Chapter 11

Making Your Project Look Good

In This Chapter

Showing the critical path in Gantt Chart view

Changing the look of task bars

Giving your Gantt chart a new style

Formatting Network Diagram task boxes

Modifying the layout of a view

Changing the gridlines in a view

Adding graphics to your project

An old chestnut would have you believe that clothes make the man. Well, in the same spirit, sometimes the look of your schedule makes the project. Having a project that looks good serves two purposes. One, it impresses people with your professionalism (sometimes to the point where they’ll overlook a little cost overrun); second, it allows people looking at your project both on-screen and on hard copy to easily discern what the different boxes, bars, and lines indicate.

Project uses default formatting that’s pretty good in most cases.

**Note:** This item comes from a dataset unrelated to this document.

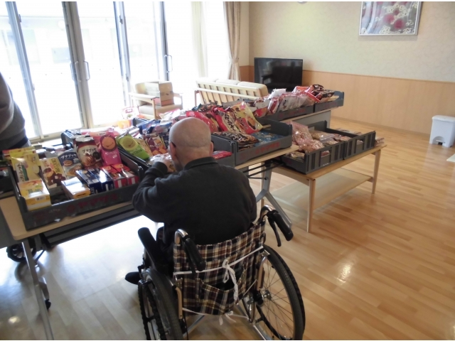 岡崎市内にある業者さんが、ほぼ毎週金曜日にお菓子販売に来苑してくれます。

However, if you have certain company standards for reporting — say, representing baseline data in yellow and actual data in blue, or more frequent gridlines to help your nearsighted CEO read Project reports more easily — Project has you covered.

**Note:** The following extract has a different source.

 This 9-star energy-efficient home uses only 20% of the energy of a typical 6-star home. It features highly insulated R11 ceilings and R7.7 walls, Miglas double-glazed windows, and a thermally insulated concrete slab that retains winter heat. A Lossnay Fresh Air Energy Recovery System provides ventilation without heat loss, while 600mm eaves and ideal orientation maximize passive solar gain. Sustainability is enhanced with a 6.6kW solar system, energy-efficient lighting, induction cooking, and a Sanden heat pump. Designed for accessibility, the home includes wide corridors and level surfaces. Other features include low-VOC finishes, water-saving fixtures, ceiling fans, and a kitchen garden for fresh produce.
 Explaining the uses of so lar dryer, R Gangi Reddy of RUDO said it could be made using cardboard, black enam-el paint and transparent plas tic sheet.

Whatever you need, Project provides tremendous flexibility in formatting various elements in your plan.

Putting Your Best Foot Forward

Microsoft has decided to capitulate to the artist in all of us by allowing you to modify shapes, colors, patterns, and other graphic elements in your Project plans. This gives you great flexibility in determining how your plan looks.

When you print Project views (covered in ...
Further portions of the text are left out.